Look through the listing below for the line containing "3. На изображении не". Copy it and each line after it up to and including the line containing "3.搜索 rainbond,添加 构建docker镜像-rainbond 节点,并配置。", exactly, leaving out pictures.

#### [Data in this exercise]
- - - -

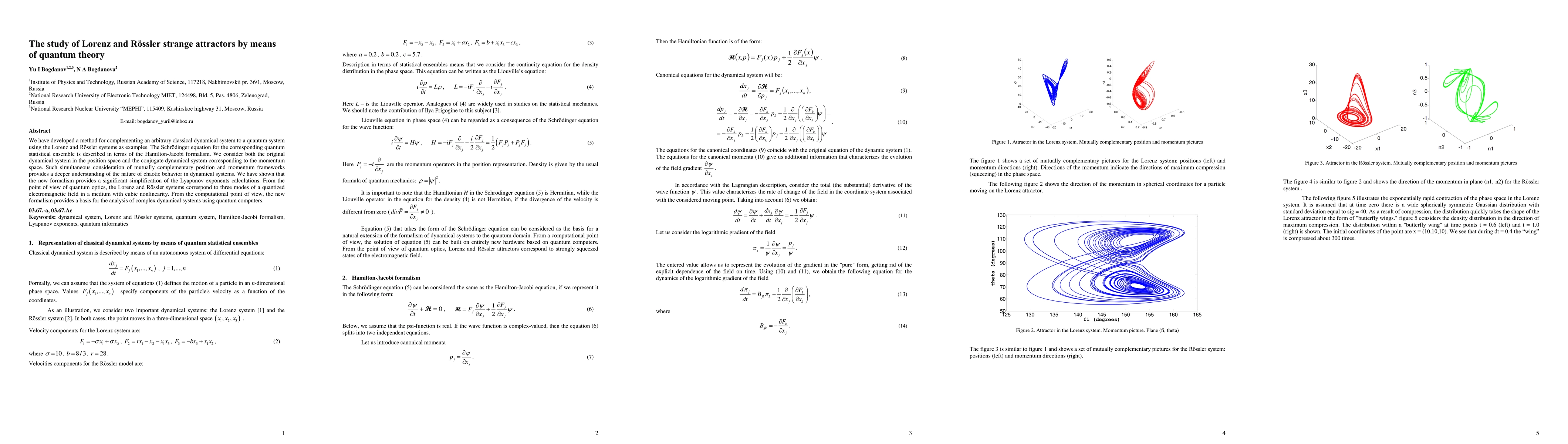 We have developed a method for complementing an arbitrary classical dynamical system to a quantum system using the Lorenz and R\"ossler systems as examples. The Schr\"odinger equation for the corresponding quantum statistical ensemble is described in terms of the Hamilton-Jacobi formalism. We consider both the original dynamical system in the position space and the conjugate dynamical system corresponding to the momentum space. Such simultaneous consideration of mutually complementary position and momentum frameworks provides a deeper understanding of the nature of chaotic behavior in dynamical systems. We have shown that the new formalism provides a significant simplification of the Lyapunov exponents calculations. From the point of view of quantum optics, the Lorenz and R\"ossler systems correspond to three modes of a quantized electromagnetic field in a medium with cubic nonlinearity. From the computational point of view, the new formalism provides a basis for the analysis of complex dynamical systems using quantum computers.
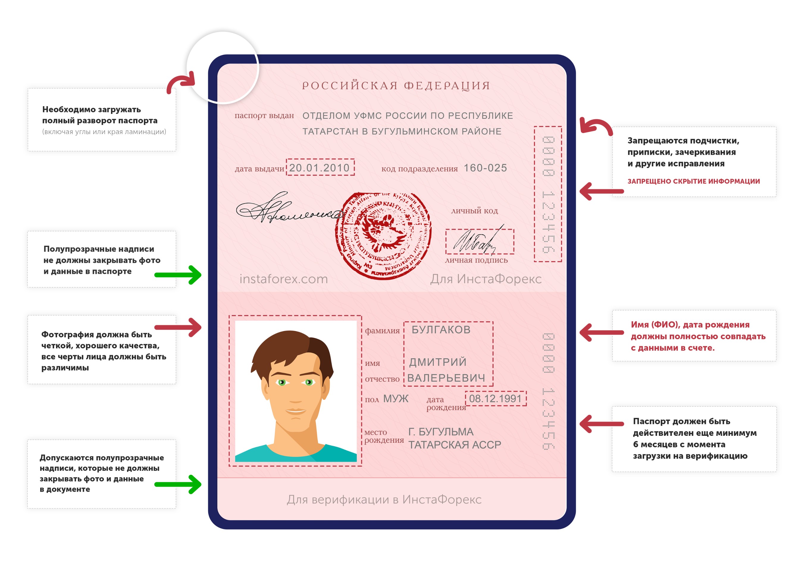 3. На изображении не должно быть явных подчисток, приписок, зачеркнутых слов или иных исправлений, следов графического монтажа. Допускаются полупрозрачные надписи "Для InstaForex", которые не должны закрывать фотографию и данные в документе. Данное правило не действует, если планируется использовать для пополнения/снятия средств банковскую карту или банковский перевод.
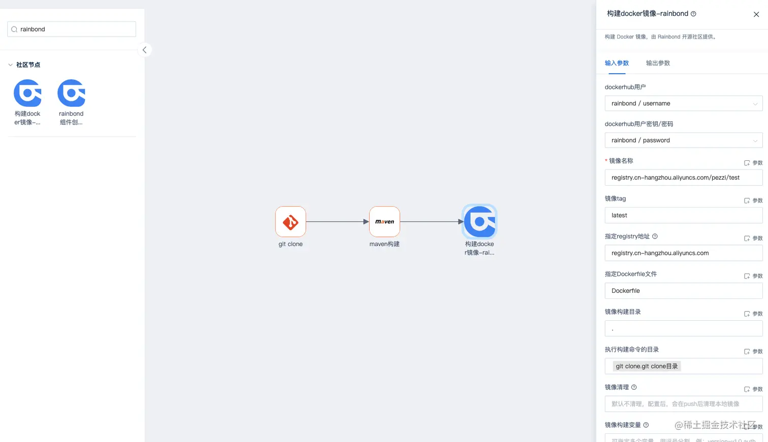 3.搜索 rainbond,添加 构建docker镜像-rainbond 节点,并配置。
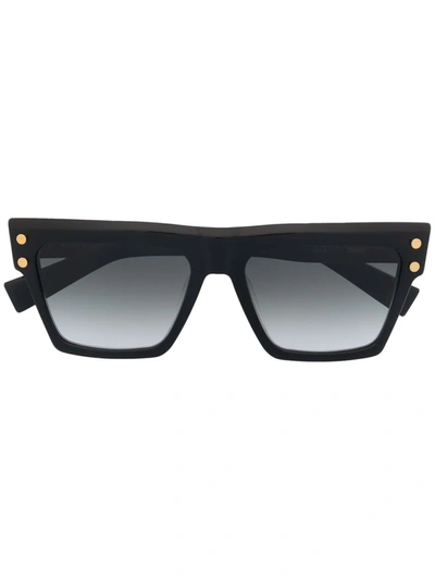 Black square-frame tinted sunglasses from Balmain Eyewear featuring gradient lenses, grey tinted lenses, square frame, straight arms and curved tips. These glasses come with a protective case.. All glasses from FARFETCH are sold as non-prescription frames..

- - - -

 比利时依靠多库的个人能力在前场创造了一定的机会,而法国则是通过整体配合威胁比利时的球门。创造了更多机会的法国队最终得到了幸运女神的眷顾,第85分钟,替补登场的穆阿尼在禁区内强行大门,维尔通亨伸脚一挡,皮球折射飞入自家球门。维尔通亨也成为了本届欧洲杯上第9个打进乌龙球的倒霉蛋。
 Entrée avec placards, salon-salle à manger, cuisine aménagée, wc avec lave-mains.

- - - -

#### [Response for this exercise]
 3. На изображении не должно быть явных подчисток, приписок, зачеркнутых слов или иных исправлений, следов графического монтажа. Допускаются полупрозрачные надписи "Для InstaForex", которые не должны закрывать фотографию и данные в документе. Данное правило не действует, если планируется использовать для пополнения/снятия средств банковскую карту или банковский перевод.
 3.搜索 rainbond,添加 构建docker镜像-rainbond 节点,并配置。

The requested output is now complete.